During his end-of-season press conference, front office boss Andrew Friedman had nothing but good things to say about Martin.

“Russ came in and fit a role extremely well for us. He was a great veteran presence, did a lot for Barnesy, did a lot for Will Smith,” Friedman said.

Not only did Martin log 486.0 innings behind the plate, but he also made seven appearances at third base, where he recorded seven assists and one putout with no errors on eight total chances. What’s more, he was extremely effective as a relief pitcher, registering four full innings over four appearances. In those outings, he surrendered no earned runs on just two hits and no walks while striking out two.
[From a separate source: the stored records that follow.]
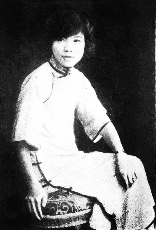 Liu Manqing (Liu Man-ch'ing) (1906 - 1941)
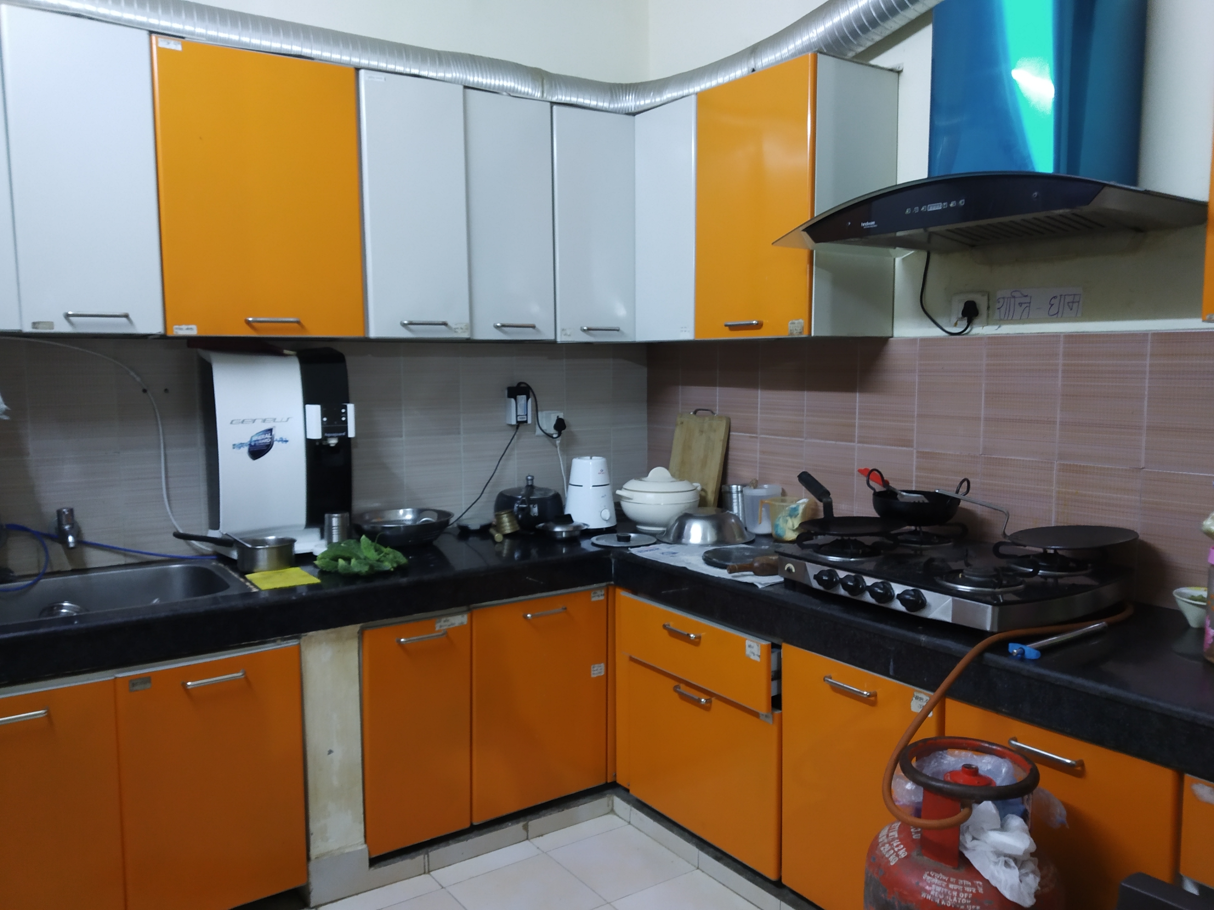 KITCHEN IN INDIA 20TH CENTUARY
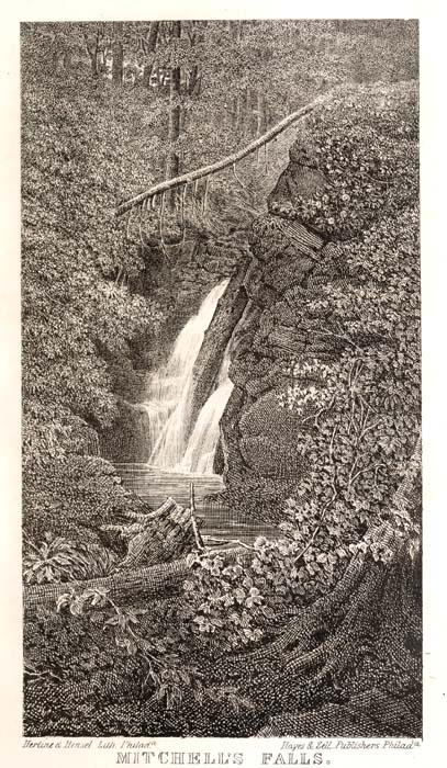 Image from :Henry E. Colton Mountain Scenery. The Scenery of the Mountains of Western North Carolina and Northwestern South Carolina. Raleigh, N.C.:: W.L. Pomeroy. Philadelphia: Hayes & Zell, 1859. Herline & Hensel Lith. Philad. Hayes & Zell Publishers Philad. MITCHELL'S FALLS. (Page 32)
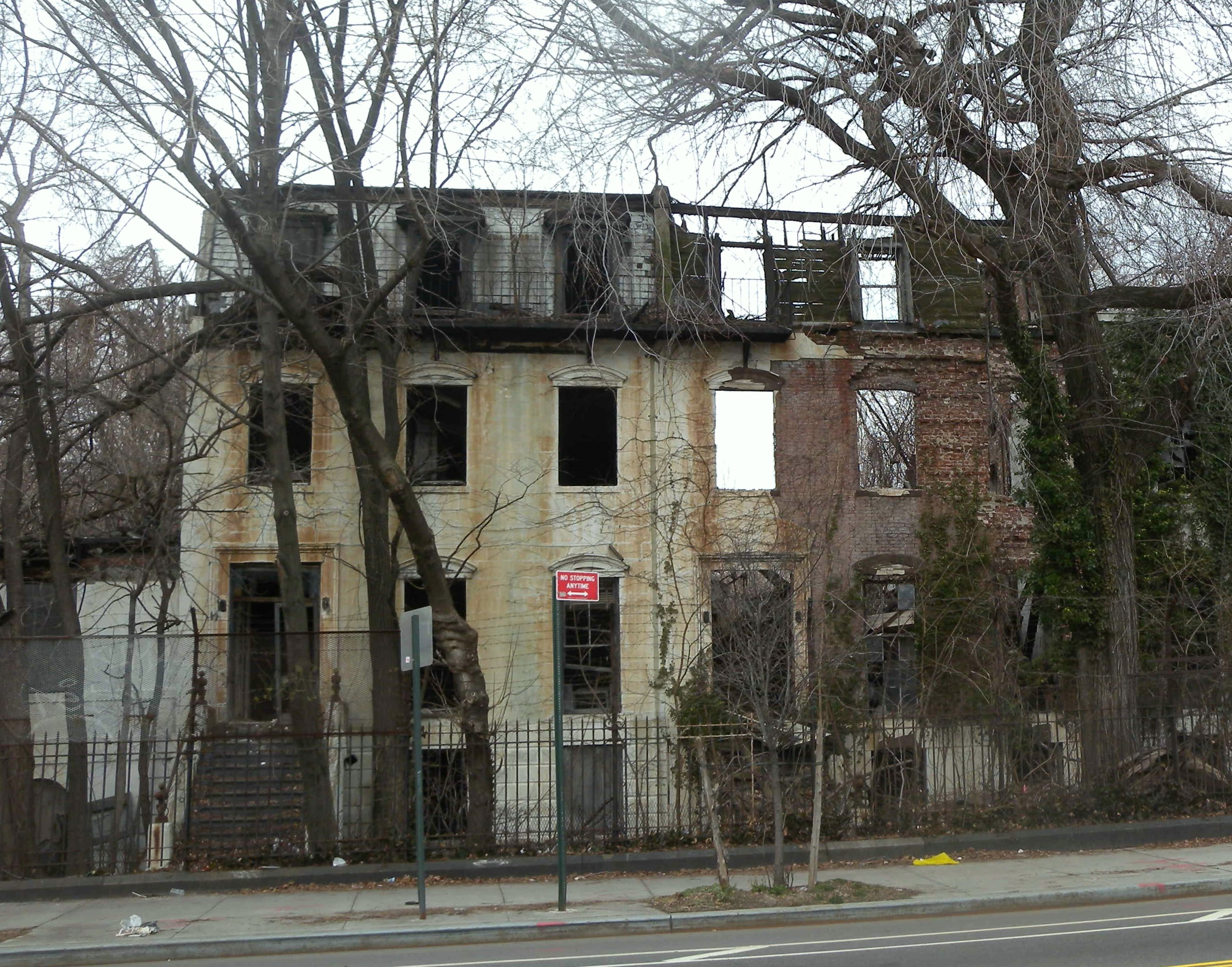 Looking north across Flushing Avenue at one of the roofless houses on a cloudy afternoon. Buildings H and C.
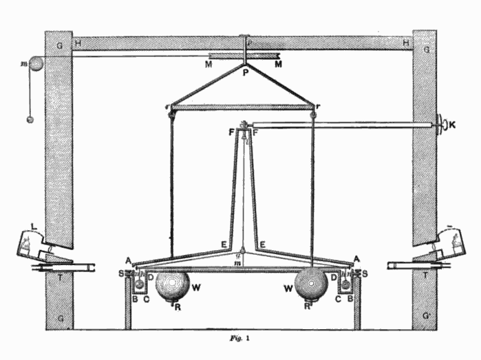 Drawing of torsion balance apparatus used by Henry Cavendish in the 'Cavendish Experiment' to measure the gravitational constant in 1798. This is a vertical section through the apparatus, including the building that housed it. Copy of Figure 1 from his 1798 paper 'Experiments to determine the Density of the Earth' published in Philosophical Transactions of the Royal Society of London, (part II) 88 p.469-526 (21 June 1798). Alterations: removed frame and caption, compensated for shear distortion caused by scanning book, converted to PNG.
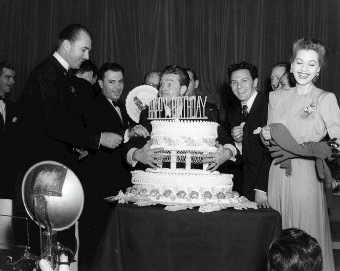 Photo of Red Skelton and John Garfield at Franklin D. Roosevelt's Birthday Ball in 1944. Skelton served as the master of ceremonies for FDR's official birthday celebration for many years. It's now time to cut the cake, but Red has decided to keep it all for himself.
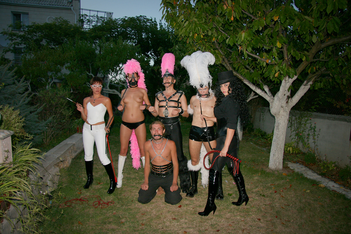 Photo from Ponyplay event in Ukraine.
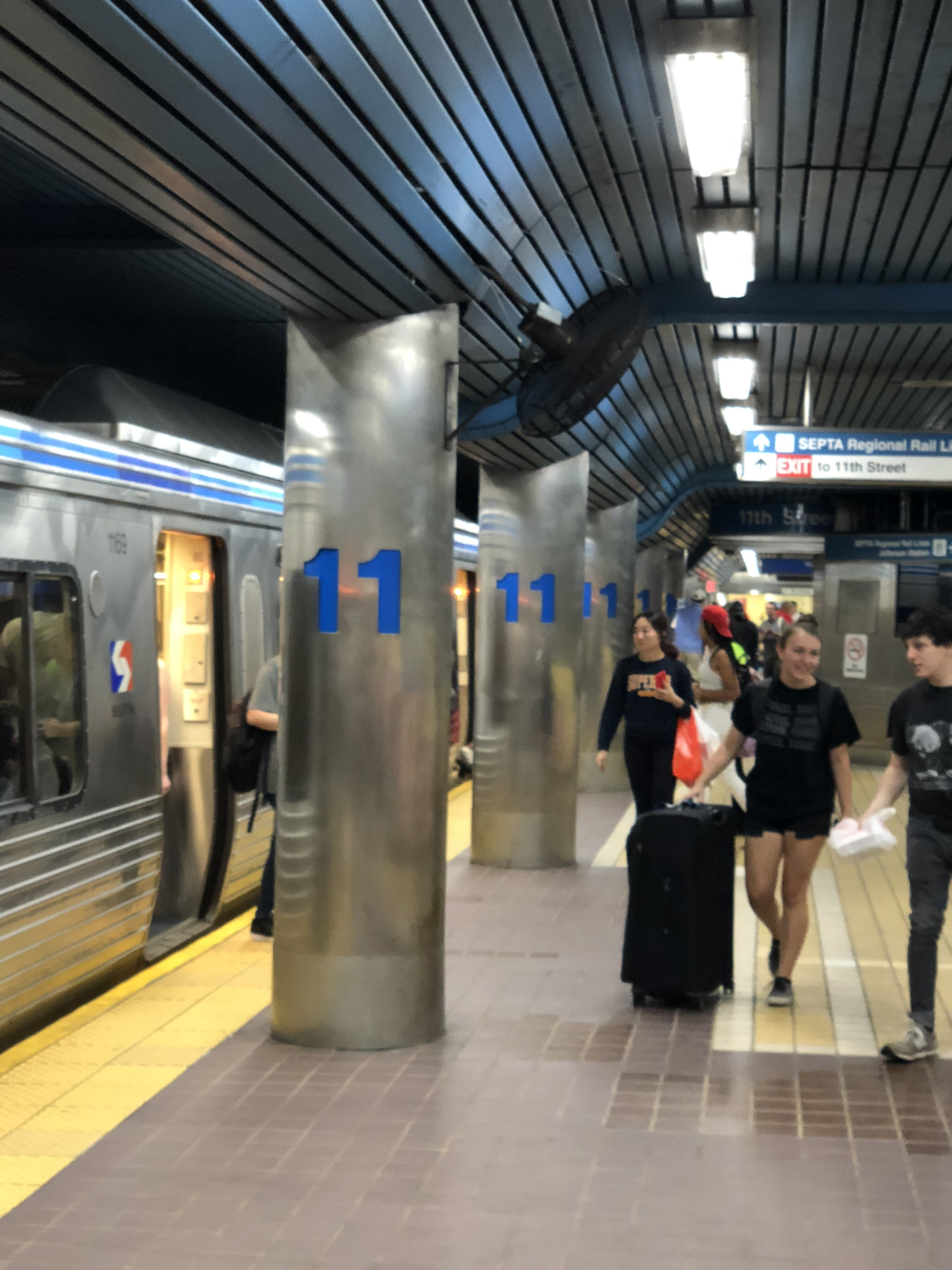 11th Street Station

Even teammate Walker Buehler, the emerging ace of the Dodgers’ starting rotation, offered praise for Martin—jokingly or not.

“He’s pretty good,” Buehler told reporters late last August. “He’s got some spin rate. You guys should check his numbers.”

In spite of all that, there’s no question his age is catching up with him, especially in terms of offensive production. With just six homers last year, his 2019 campaign was the first season in nine years when he didn’t log double digits in homers. In all, Martin slashed .220/.337/.330 over 209 AB.

Nevertheless, those efforts were still better than the .194 average he posted for the Blue Jays in 289 AB during the 2018 season.

Regardless, as inferred by Friedman, the former 2002 draft pick of the Dodgers was able to contribute to the team that may have conceivably outweighed his offerings with the bat. Martin was viewed by many in the Los Angeles clubhouse as a strong leader and an exemplary role model, specifically for the younger players.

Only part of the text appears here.